Eine weitere Besonderheit des Pilotprojekts ist die Speicherung vom überschüssigen Strom, der bei anderen Anlagen oftmals verloren geht. Wenn zum Beispiel viel Wind weht, wird aus ihm Wasserstoff erzeugt, welcher wiederum zur Stromproduktion genutzt werden kann. Wenn Windräder bei Flaute stillstehen, kann das Abhilfe schaffen. Bei der Kombination der Energiequellen Wind, Wasserstoff und Biogas sollen ihre jeweiligen Vorteile genutzt werden. In dem Hybridkraftwerk wird also nicht nur Strom produziert. Der erzeugte Wasserstoff kann zum Beispiel auch als Kraftstoff abgefüllt werden. Demnächst soll er an Tankstellen in Berlin und Hamburg zu haben sein.
Für Experten ist das Hybridkraftwerk ein Beispiel dafür, wie der Ausbau erneuerbarer Energien mit höchster Energieeffizienz vorangebracht werden kann. Enertrag-Vorstand Werner Diwald sieht das Projekt als einen wichtigen Grundstein für die Energiewende. In der Tat ist die Inbetriebnahme des Kraftwerks umweltpolitisch sehr wichtig. Denn eine sichere und klimaverträgliche Versorgung mit Energie hängt entscheidend davon ab, inwieweit Energie aus erneuerbaren Quellen auch gespeichert werden kann.
Um das Projekt zu realisieren, hat sich die örtliche Firma Enertrag mit dem Mineralölkonzern Total, dem Energieunternehmen Vattenfall und der Deutschen Bahn zusammengetan. Unter anderem ging man eine wissenschaftliche Kooperation mit den Hochschulen in Stralsund, Braunschweig und Cottbus.

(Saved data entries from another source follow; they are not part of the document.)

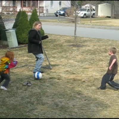 Boy kicks a soccer ball through a net while man stands in front as goalie. Ball hits tot girl in the head behind the net & she falls down. Short tails.
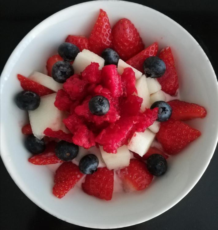 23. Mniaaam A u mnie zupka z wczoraj ale za to z qpą mięsa, no bez tego ani rusz , Andżela zieleniny nie jada, jak to ktoś kiedyś powiedział 'Co ja sałatę będę jadł? toć królikiem nie jestem Ale przyniosłam Ci deserek proszę i smacznego
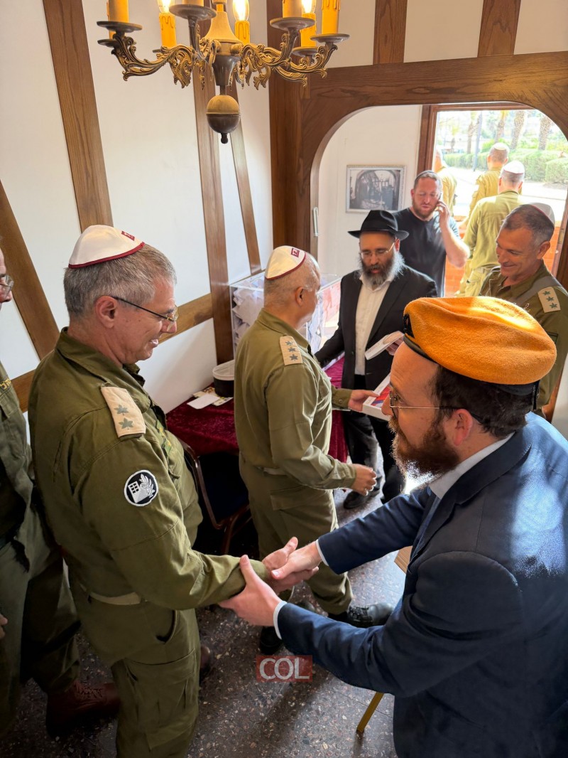 מפקדים בכירים בביקור מלחמה וחג: רגע מרגש נרשם כאשר משלחת קצינים בכירים מפיקוד העורף ובנוסף מפקדים מאגף התקשוב, הגיעו לביקור מיוחד במוקד העשייה – חמ"ל 'עזר לחייל' בכפר חב"ד. הקצינים התרשמו עמוקות מהיקף הפעילות מה שגרם לקידוש השם גדול ונחת רב לרבי. בהמשך ביקרו במאפיית מצות המפורסמת בכפר חב"ד שם התקבלו ע"י יוסי חדד מהנהלת המאפייה ולסיום ביקרו בבית 770 לתפילה והכנה רוחנית לחג עם ווידאוו ושיחה של הרבי מפי הרב מנחם לאטר מנהל בית 770.
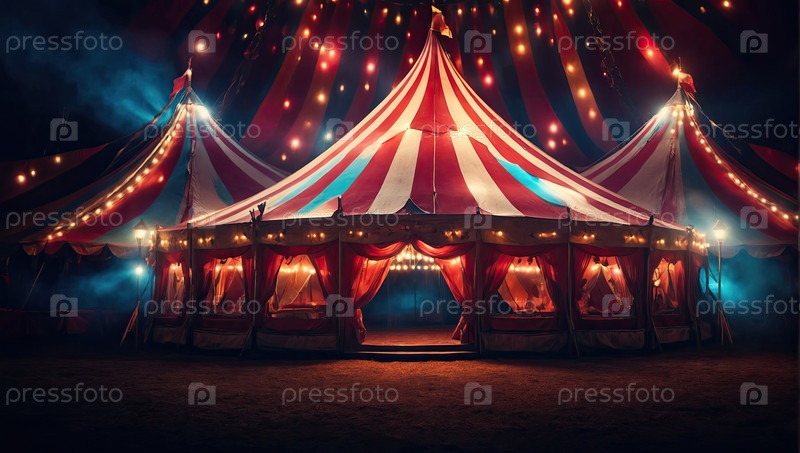Цирковая купольная сцена с огнями ? светящаяся палатка, ночное мероприятие, приглашение на фестиваль, плакат для выступления, баннер вечеринки, брендинг для веселого шоу
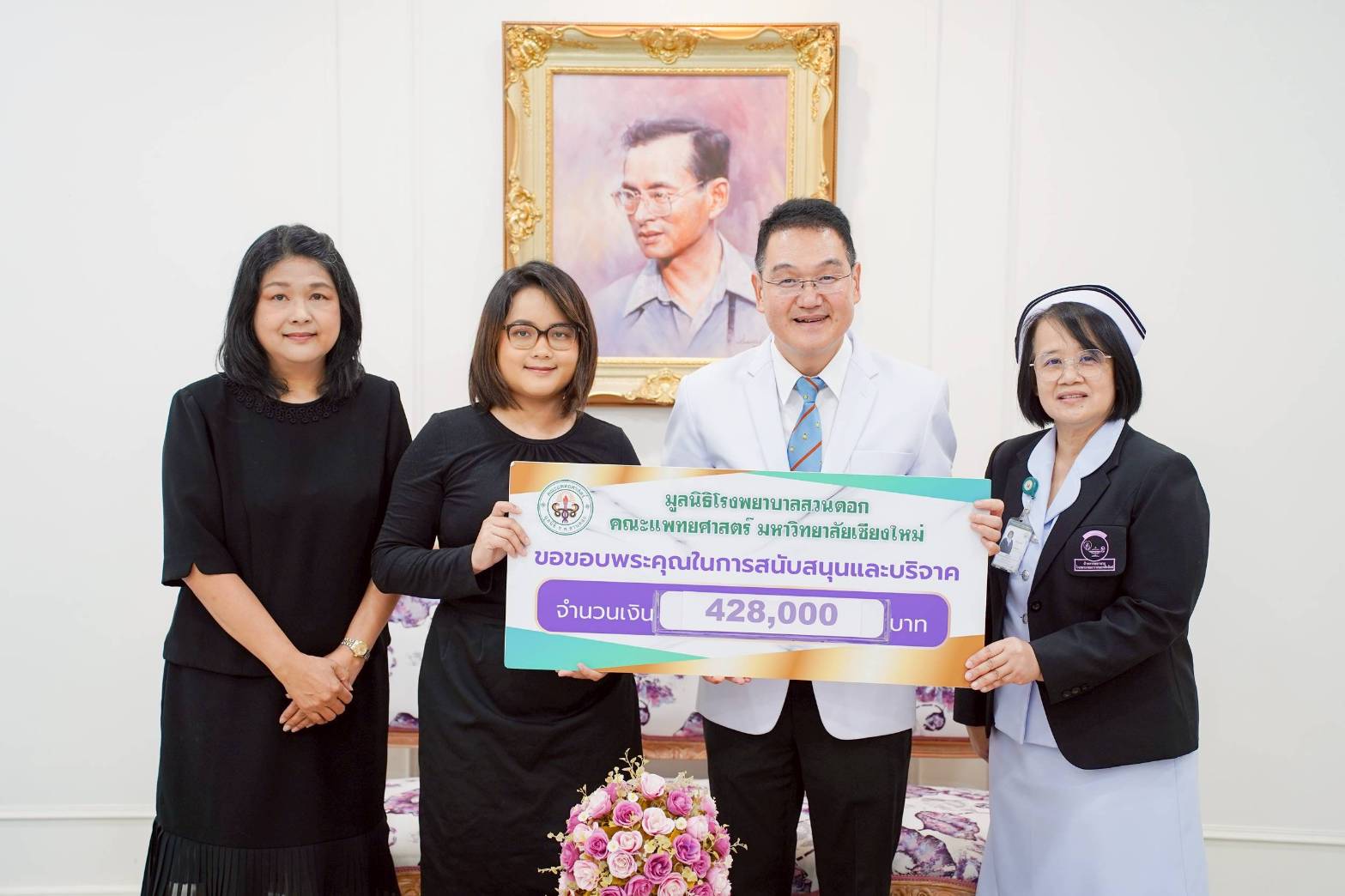 โดย สมทบทุนมูลนิธิโรงพยาบาลสวนดอก เพื่อการบริการและการศึกษา วิจัยโรคมะเร็งหน่วยมะเร็งวิทยา จำนวน 148,000 บาท, เพื่อสนับสนุนการดูแลผู้ป่วยฉุกเฉิน จำนวน 140,000 บาท, เพื่อผู้ป่วยประคับประคอง และผู้ป่วยระยะท้าย จำนวน 140,000 บาท
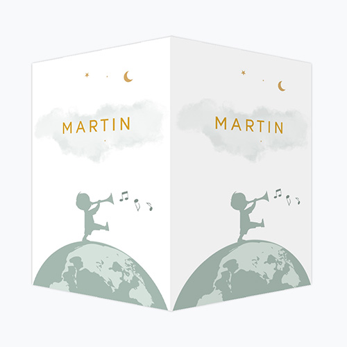 Silhouet van een stoer jongetje dat op een wereldbol loopt terwijl hij op een trompet speelt. Dit makelaarsbord kan gemakkelijk bewerkt worden in onze online editor. Je maakt één zijde op in de editor en dit wordt vervolgens op twee zijdes gedrukt.
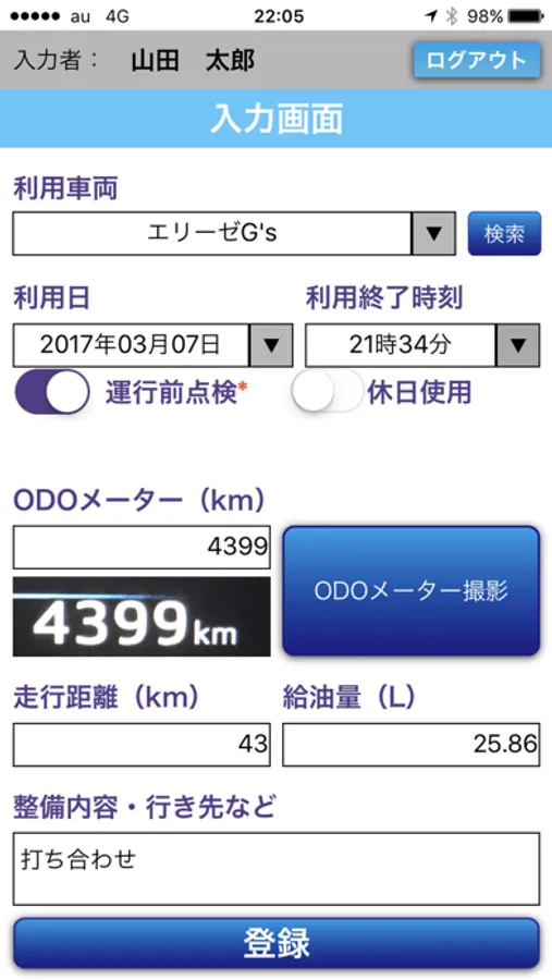 社用車の運用に必要な運転記録ですが、紙に書くのは時間が掛かります。本アプリでは、スマホでメーターを撮影するだけで走行距離が反映され、時間短縮や記入ミスを防ぐことができます。
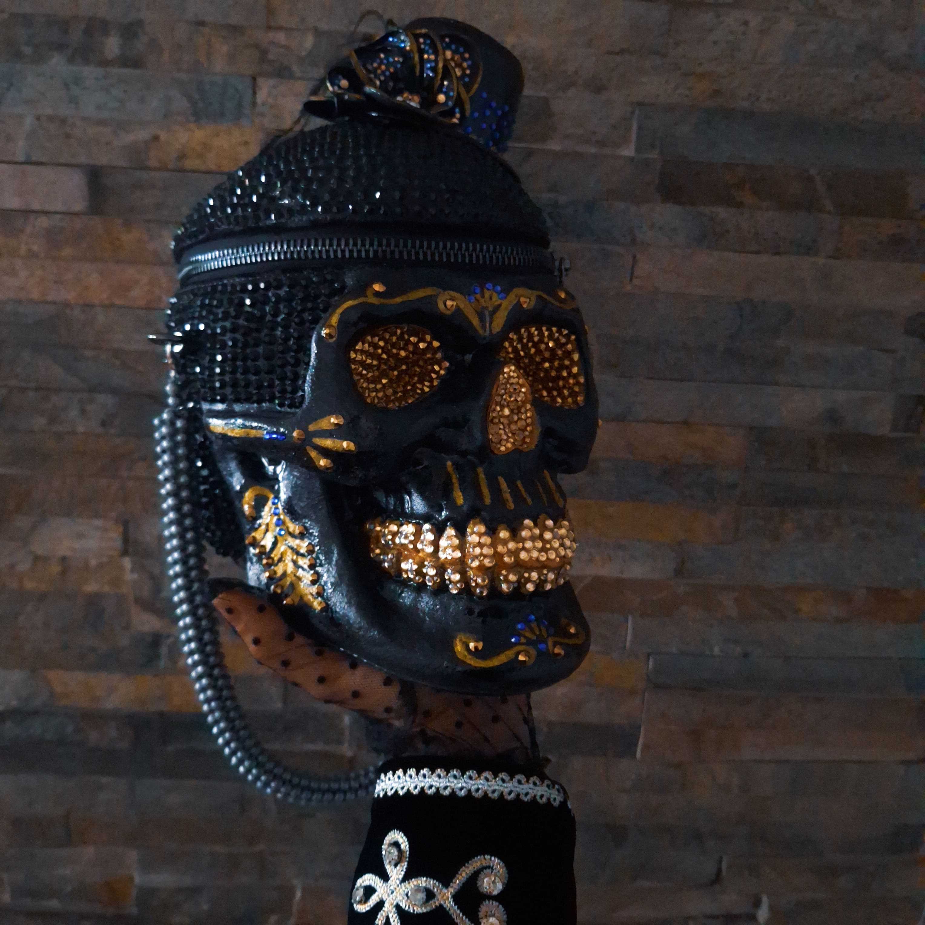 Череп, украшенный камнями и орнаментами, сияет словно бальный зал, отражая блеск свечей и роскошь веков. Но на его обратной стороне бисером вышита надпись memento mori — напоминание о том, что красота и жизнь мимолётны.
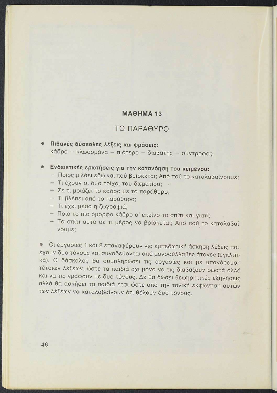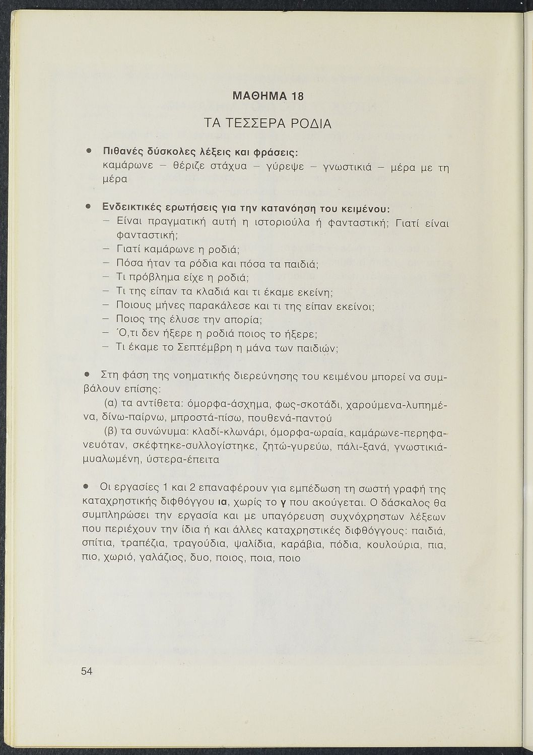Νεοελληνική Γλώσσα Βιβλίο του δασκάλου, Τάξη Β΄,Πρώτο τεύχος

Die Kosten für das Hybridkraftwerk liegen bei insgesamt rund 21 Millionen Euro. Mit drei installierten Windrädern und den anderen Komponenten hat es eine Leistung von sechs Megawatt. Im Vergleich zu konventionellen Kohle- oder Atomkraftwerken, die mehr als 1000 Megawatt erzeugen, ist das nicht viel. Der Betreiber Enertrag will die Anlage aber weiterentwickeln. Das Ziel ist, mit größeren Hybridkraftwerken mittelfristig deutlich mehr Leistung zu erzeugen.